Remember What You have drawn: Semantic Image Manipulation with Memory
It addresses the challenging task of semantic image manipulation with natural language for computer vision and NLP applications, but appears incremental as it builds on prior efforts.
The paper tackles the problem of generating realistic and text-conformed manipulated images by proposing a memory-based network (MIM-Net) with a two-stage approach, target localization, and randomized memory training, achieving better performance on four popular datasets compared to existing methods.

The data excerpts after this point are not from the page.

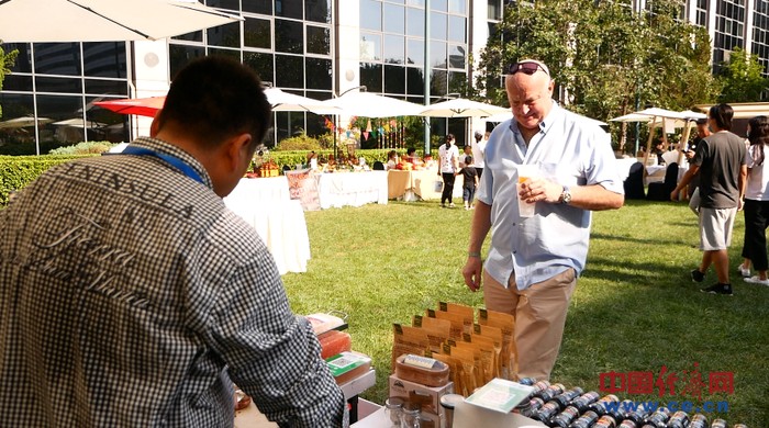 图为摊位旁的外国顾客(经济日报-中国经济网 李凡摄)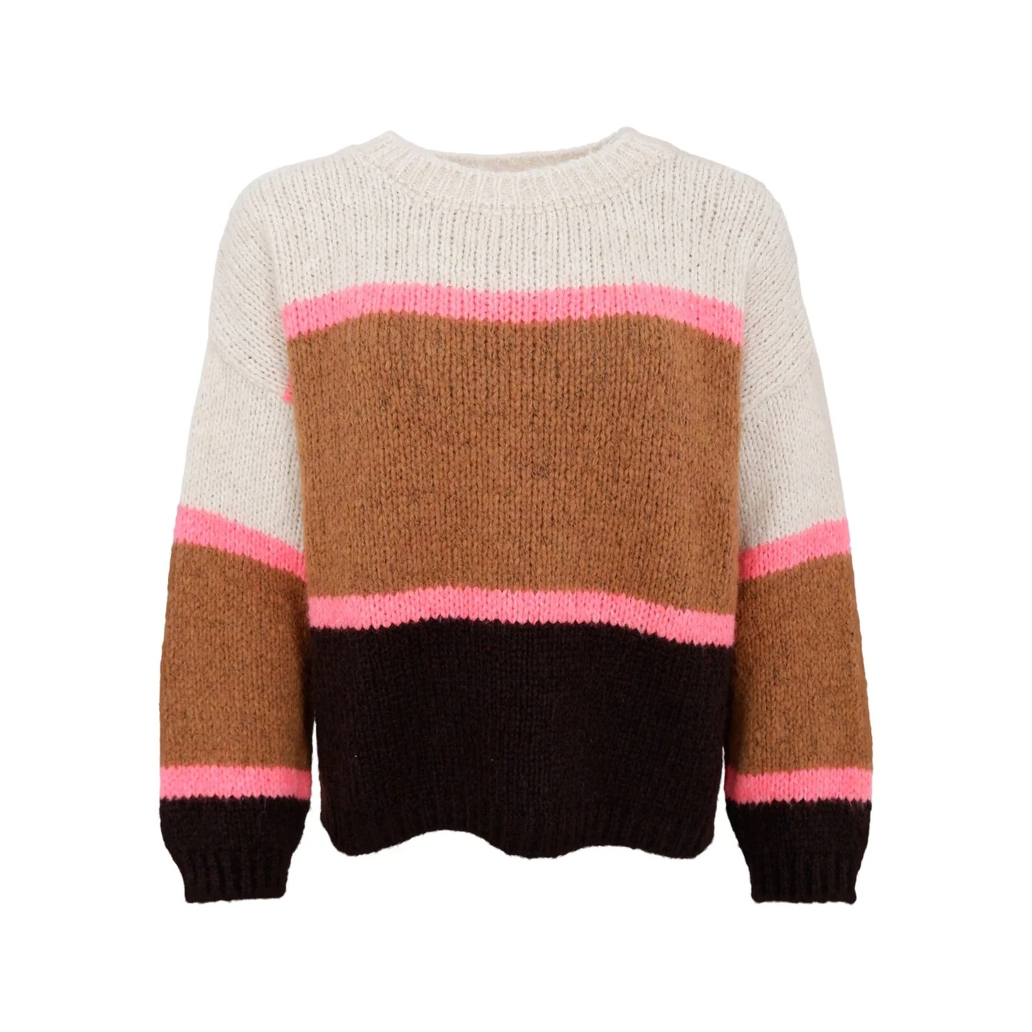 A knitted sweater in a soft, warm quality featuring a colourful striped design. Styled with a round neckline, long sleeves and ribbed edges for a relaxed, comfortable fit. Wide colour blocks paired with neon details create a modern, fresh look, making it perfect for everyday wear and seasonal layering.
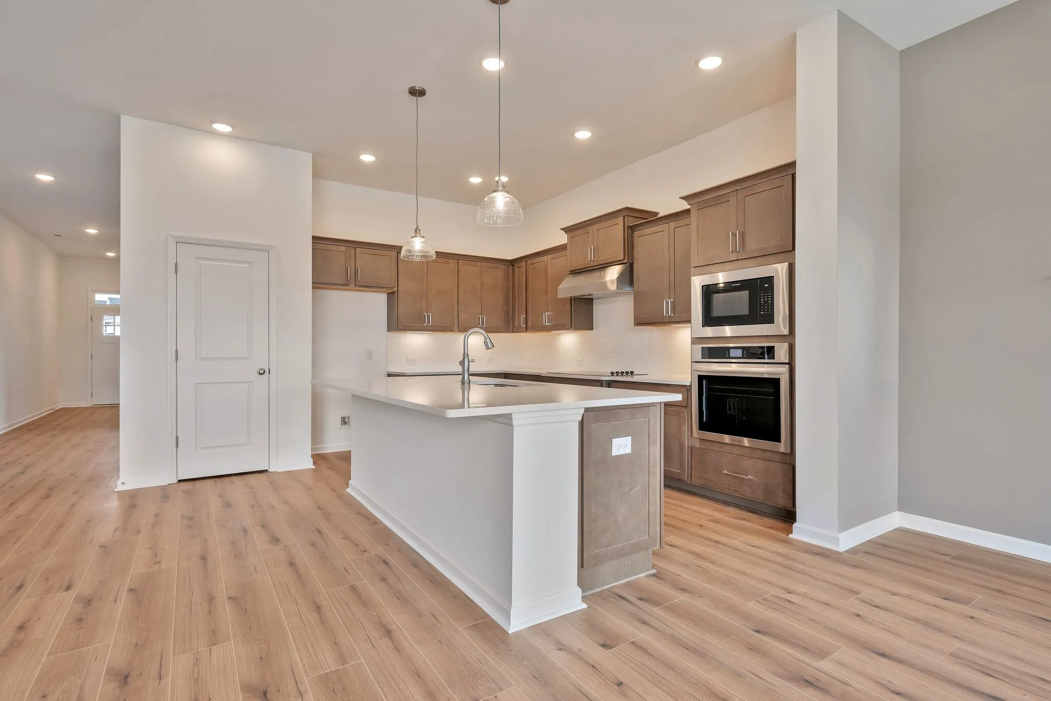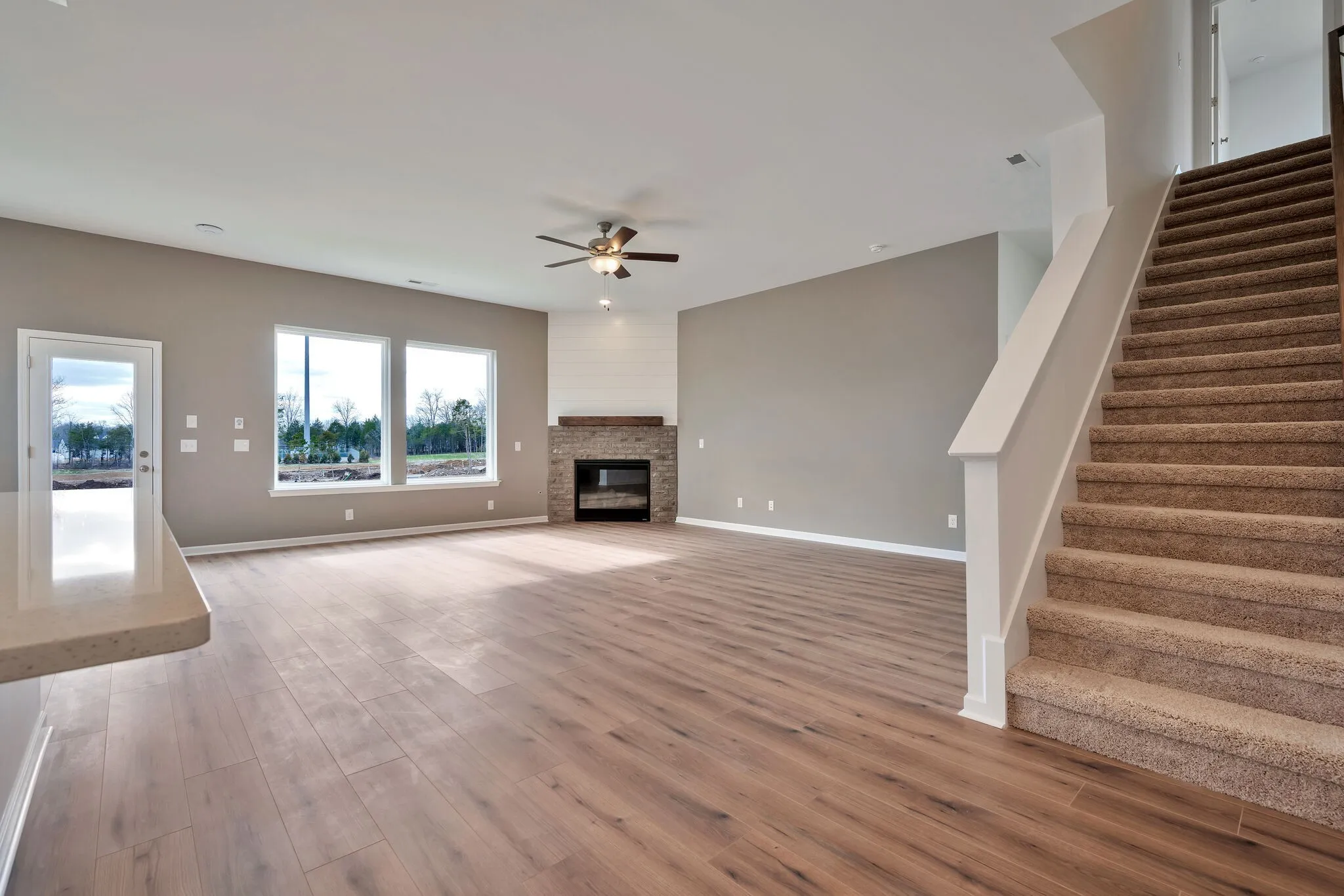 Our ranch style Riverwood floorplan boasts 10 foot ceilings and includes 4 bedrooms, 3 baths. This open-concept floorplan with luxury kitchen includes electric cooktop, hood vented to the exterior, built in microwave and oven. Granite Countertops. Corner fireplace in living room with shiplap. At the end of a long day relax in your spa-inspired en suite bathroom with our coveted Super Shower.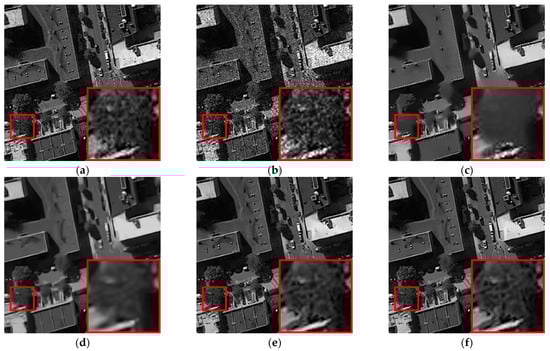 Filtered images of different methods for medium residential test image contaminated by four-look speckle. (a) Original image, (b) noisy image, (c) PPB, (d) SAR-BM3D, (e) ID-CNN, (f) proposed.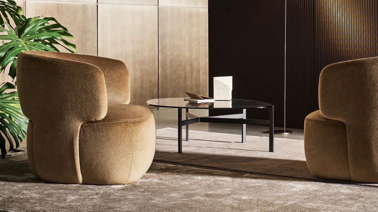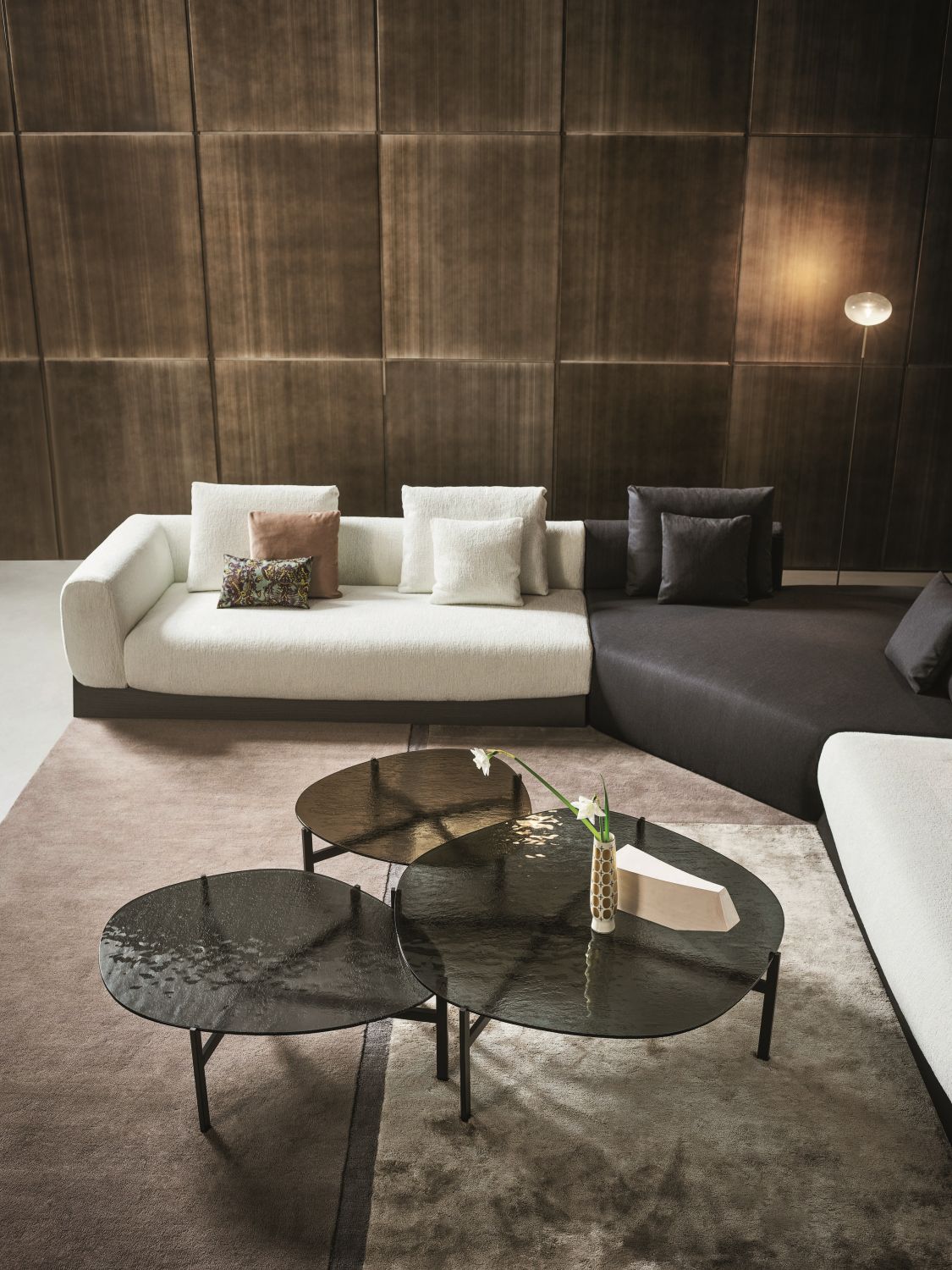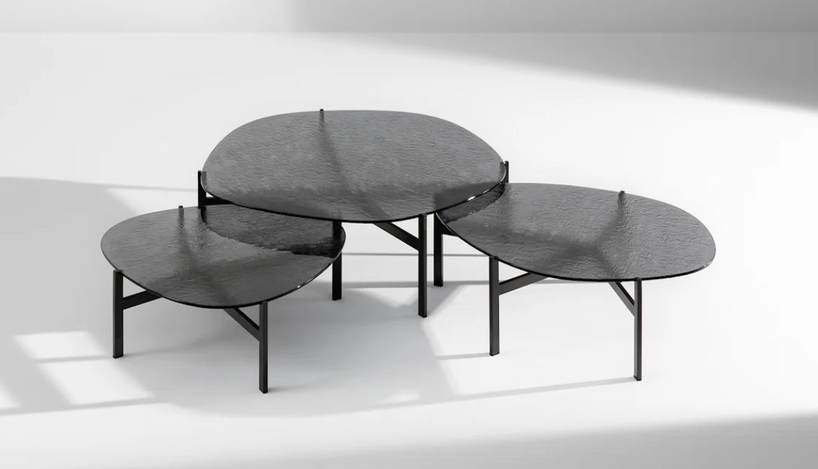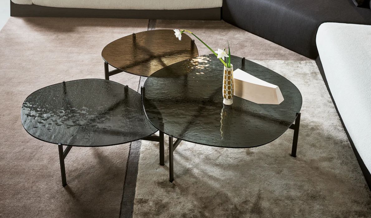 Главный акцент — столешница из литого закалённого стекла, создающая эффект водной глади. В версиях средней и низкой высоты доступны также варианты из дерева, керамики и мрамора, что делает Flac универсальным решением для интерьеров разных стилей.
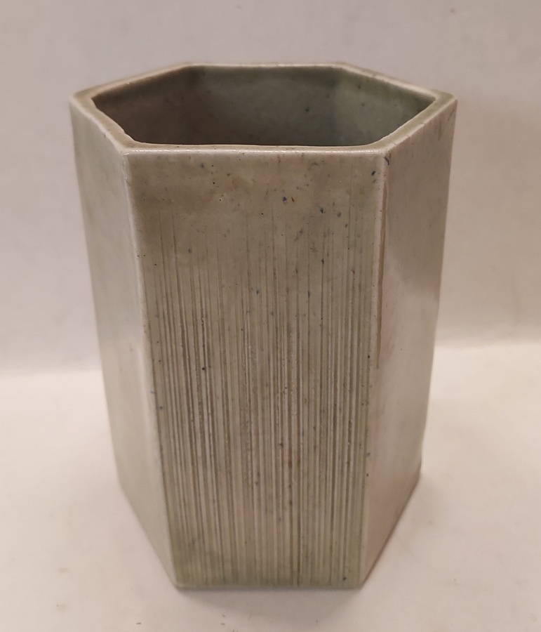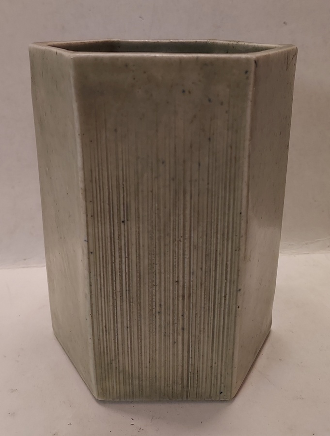 Vase octogonal avec glaçure céladon verte et décoration incisée.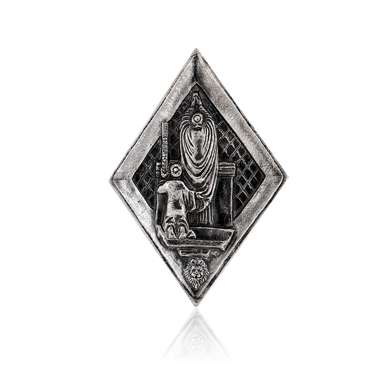 Formella realizzata, in argento, con l’antica tecnica della fusione a cera persa, cesellata ed incisa a bulino secondo l’antica tradizione orafa fiorentina. Trae ispirazione dalle formelle a losanga situate sul Campanile del Duomo di Firenze.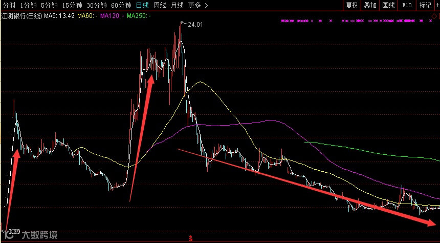 江阴银行于2016年9月2日上市,上市后连续10个一字涨停。随后在2017年2月迎来新一波上涨,股价短期内翻倍。不过,激情过后则是股价的绵绵阴跌,目前股价较最高价跌幅近七成。
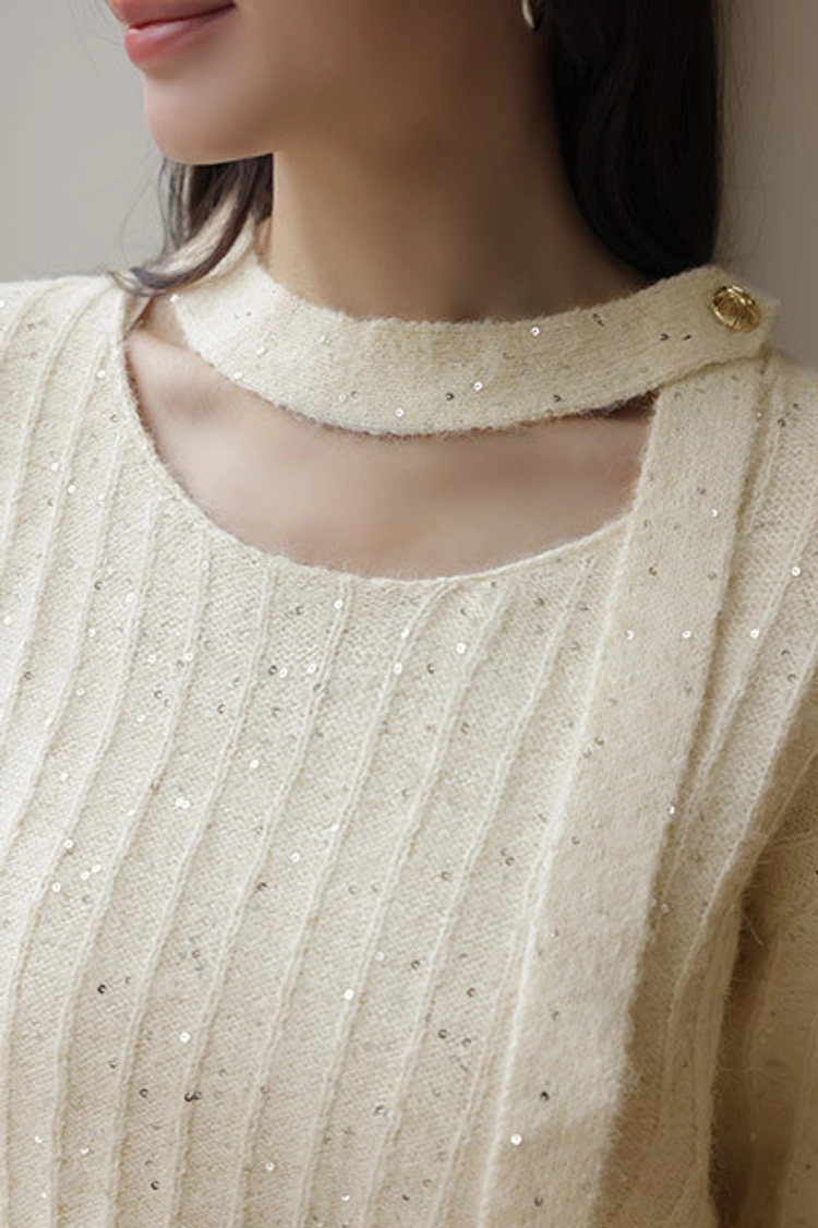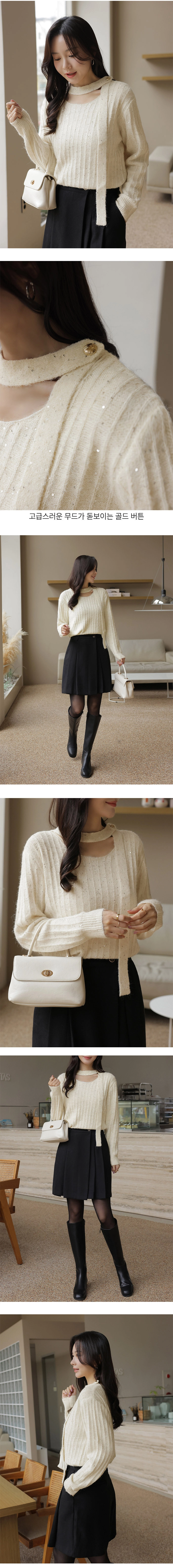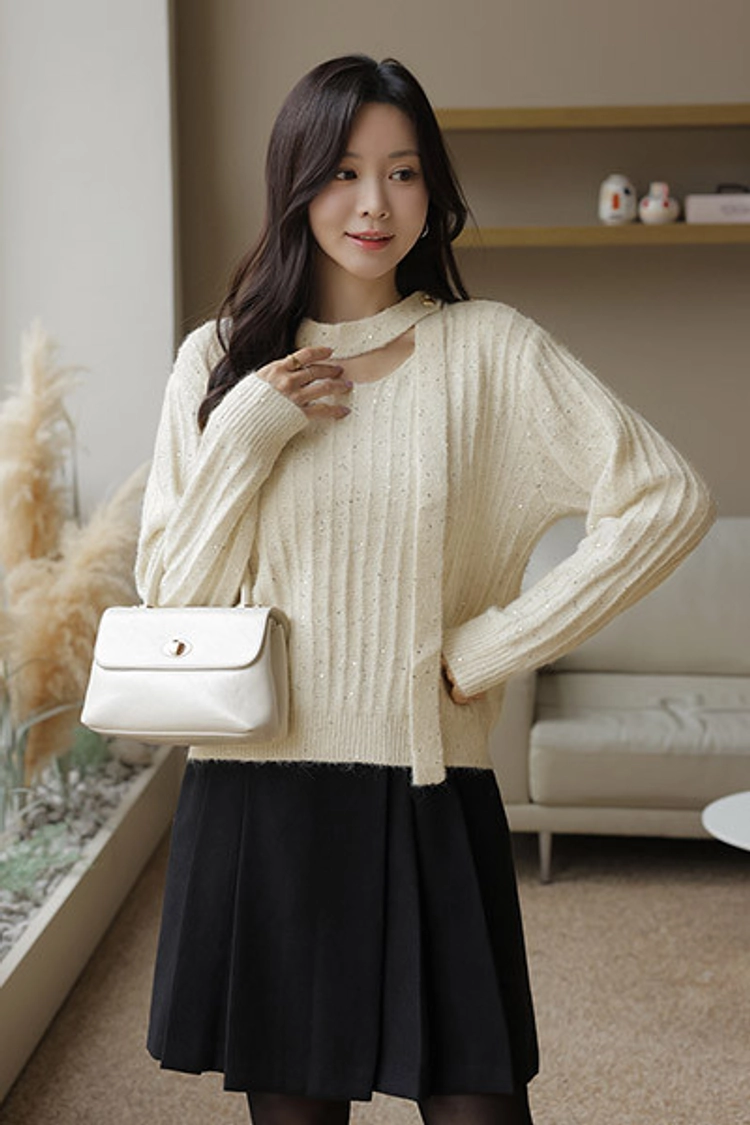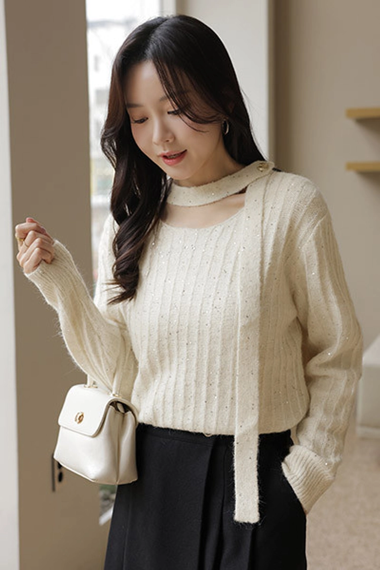 2512C13 氣質系條紋亮金屬小圍巾針織上衣

Image manipulation with natural language, which aims to manipulate images with the guidance of language descriptions, has been a challenging problem in the fields of computer vision and natural language processing (NLP). Currently, a number of efforts have been made for this task, but their performances are still distant away from generating realistic and text-conformed manipulated images. Therefore, in this paper, we propose a memory-based Image Manipulation Network (MIM-Net), where a set of memories learned from images is introduced to synthesize the texture information with the guidance of the textual description. We propose a two-stage network with an additional reconstruction stage to learn the latent memories efficiently. To avoid the unnecessary background changes, we propose a Target Localization Unit (TLU) to focus on the manipulation of the region mentioned by the text. Moreover, to learn a robust memory, we further propose a novel randomized memory training loss. Experiments on the four popular datasets show the better performance of our method compared to the existing ones.